Thanks to Dirk for his khtml fixes for this week. Much appreciated!

by Alex Exojo (not verified)

I don't like asking questions in the dot, but...

Does this means that a branch has been created? I thought KDE was on freeze, and that features only will be added to HEAD, so that means the KDE_3_2_BRANCH (or something like that) was created.

I don't see anything on kde-devel mailing list :-?

by Derek Kite (not verified)

The new features are in either separate development branches, or kdenonbeta. The core kde release is in strict bug fix mode, until next week or so.
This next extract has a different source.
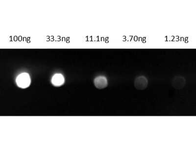 Dot Blot: Goat anti-Guinea Pig IgG (H+L) Secondary Antibody (Pre-adsorbed) [NB120-7134] - Load: Lane 1 - 200 ng Lane 2 - 66.67 ng Lane 3 - 22.22 ng Lane 4 - 7.41 ng Lane 5 - 2.47 ng. Primary antibody: none. Secondary antibody: Goat anti-Guinea Pig IgG Antibody Alkaline Phosphatase Conjugated at 1:1,000 for 60 min at RT. Blocked with blocking buffer for 60 min at RT. Visualized using Alkaline Phosphatase Substrate for 30 seconds at RT. Image from the Alkaline Phosphatase version of this antibody.

There isn't a 3.2 branch yet.

Derek

by John (not verified)

Nice to see lots of attention on KDE-PIM. I have heard lots of comments about Kontact being a KDE killer app but for commercial businesses Kontact has to work well. For us the other Linux options are: Thunderbird (no organizer or notes, but good mail lists and extra fields), Evolution (no notes, no extra fields but good palm synching and looks polished), and Outlook under Wine (no comment). We see Kontact very close to being best in class. In our business (like most) we need Kontact to have:
a) reliability - Kmail has actually worked very well for us for 2 years but palm synching has been terrible leaving us in a real problem state - maybe the new KPilot integration step is solving that.
b) flexibility - some of the new fields in addressbook will help big-time - with enough fields we can create our own contact manager (heck, we use gnumeric for it right now)
c) security - the announced integration of SpamAssassin is a great, great addition. An easy KMail way to encrypt/decrypt sensitive messages with PGP or VPN would also be good for non-geek types (which managers usually are).
d) completeness - it sadly sounds like many of these changes won't make KDE 3.2 but instead of just having a PIM update later (which many distros or sys admins may put off - I would advocate the changes getting released as a critical KDE upgrade, ie 3.21 so that all users start to get the new fixed Kontact asap. For many buinsesses, it might just be the most important part of KDE.

by Alex (not verified)

Which is better? HBasic or Gambas?

1. Hbasic http://hbasic.sourceforge.net/
2. Gambas http://gambas.sourceforge.net/

by AC (not verified)

What's Style Workshop and/or largeimagelib?